# LeetCode in Ruby: 102. Binary Tree Level Order Traversal

### Kaitian Xie ・1 min read

LeetCode in Ruby (11 Part Series)

# Iterative

```
def level_order(root)
result = []
return result if root.nil?
queue = []
queue << root
until queue.empty?
level_size = queue.length
level = []
level_size.times do
node = queue.shift
level << node.val
queue << node.left unless node.left.nil?
queue << node.right unless node.right.nil?
end
result << level
end
result
end
```

In general, this approach is to go through each level of a given binary tree and add the `val`

of each node to `result`

. For each iteration, we first create an empty `level`

array used to store the values of the nodes at the same level. Then we add the `val`

of each node to the `level`

array and push the nodes at the next level to `queue`

if any. At the end of each iteration, we push the `level`

array to `result`

.

*Time complexity*: `O(n)`

*Extra memory*: `O(n)`

# Recursive

```
def level_order(root, result = [], level = 0)
return result unless root
result << [] if result.length == level
result[level] << root.val
level_order(root.left, result, level + 1)
level_order(root.right, result, level + 1)
end
```

This is similar to the previous approach, except that this one is implemented using recursion.

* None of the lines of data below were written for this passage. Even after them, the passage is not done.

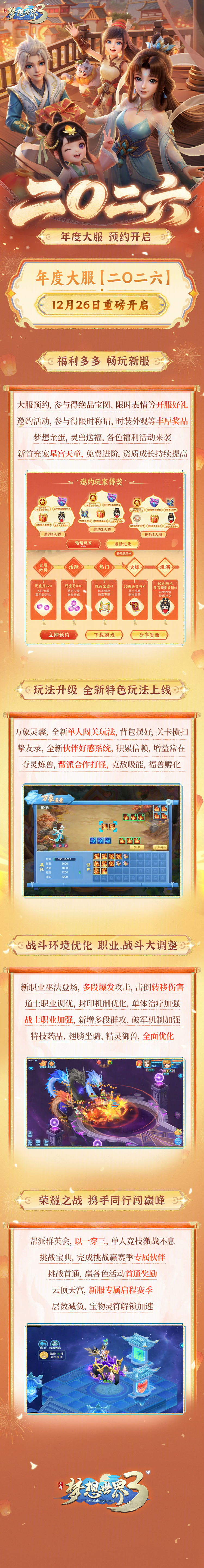 梦想世界3年度大服“二〇二六”12月26日重磅开启,大服预约活动现已开启!如下:
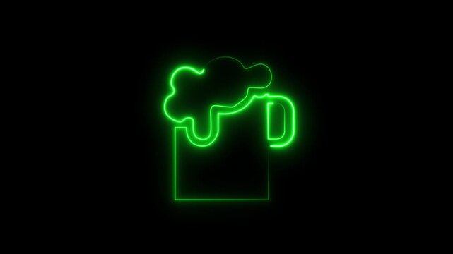 2d Animation motion graphics showing neon sign light signage lighting of beer mug toasting on black screen in HD high definition done retro style.
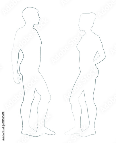 © Marina, Fototapeta premium Male and female stands sideways. Vector drawing
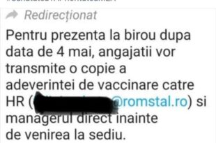 Read More »Condiționarea continuă! ROMSTAL cere angajaților adeverință de vaccinare
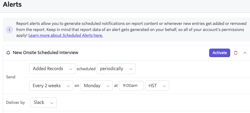 Alerts can now be sent with a more customized cadence. This update lets you send periodic alerts outside the default intervals. For example, if an alert should be sent to stakeholders every two weeks, this can now be set!
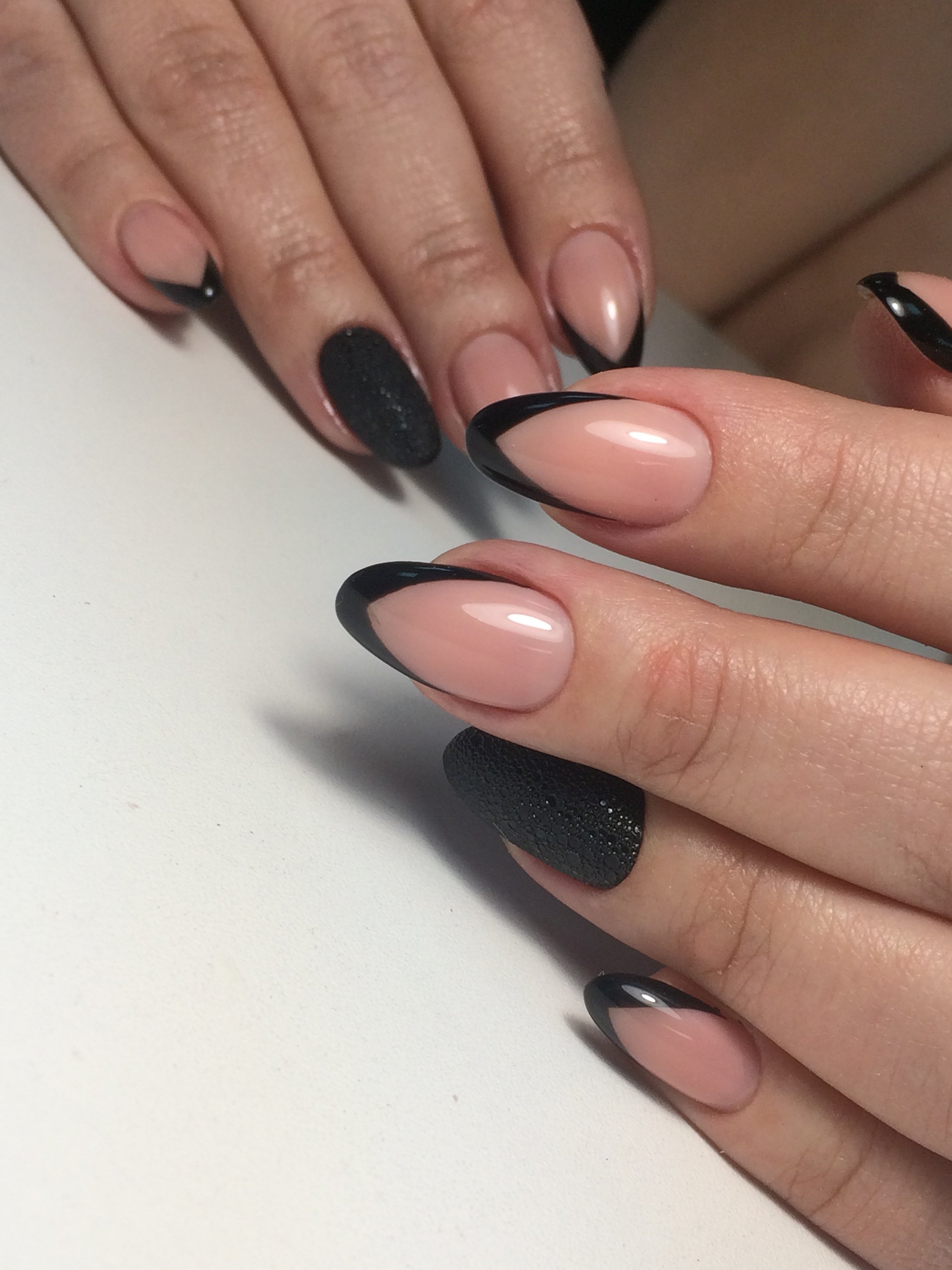 Белая база и черный френч миндаль
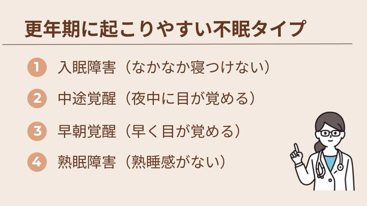 ここでは、更年期に多く見られる代表的な4つの不眠タイプについて、一つひとつ丁寧に解説していきます。
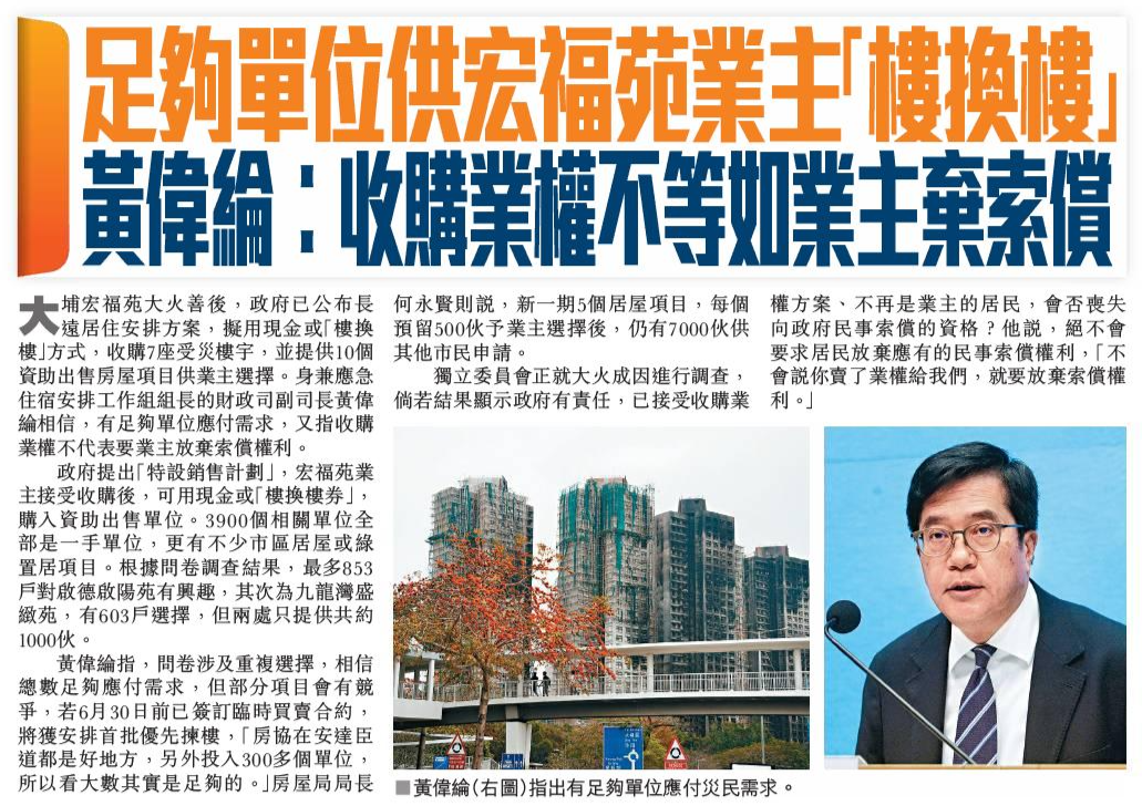 頭條日報 Headline Daily • 23/02/2026 足夠單位供宏福苑業主「樓換樓」 黃偉綸︰收購業權不等如業主棄索償 大埔宏福苑大火發生近3個月,政府上周六公布長遠居住安排方案,擬用現金或「樓換樓」方式,收購7座受災樓宇,並提供10個資助出售房屋項目供業主選擇。身兼應急住宿安排工作組組長的財政司副司長黃偉綸相信,有足夠單位應付需求;又指收購業權不代表要業主放棄索償權利。

Interestingly, unlike the iterative approach, the recursive approach does not need a `queue`

to temporarily store the nodes at the next level.

*Time complexity*: `O(n)`

*Extra memory*: `O(1)`

LeetCode in Ruby (11 Part Series)

Can you explain me the following code? Mainly the <<... #RubyNewbie here

It means that just before we begin to store the values of the next level, we add an empty array that will be used to store the values.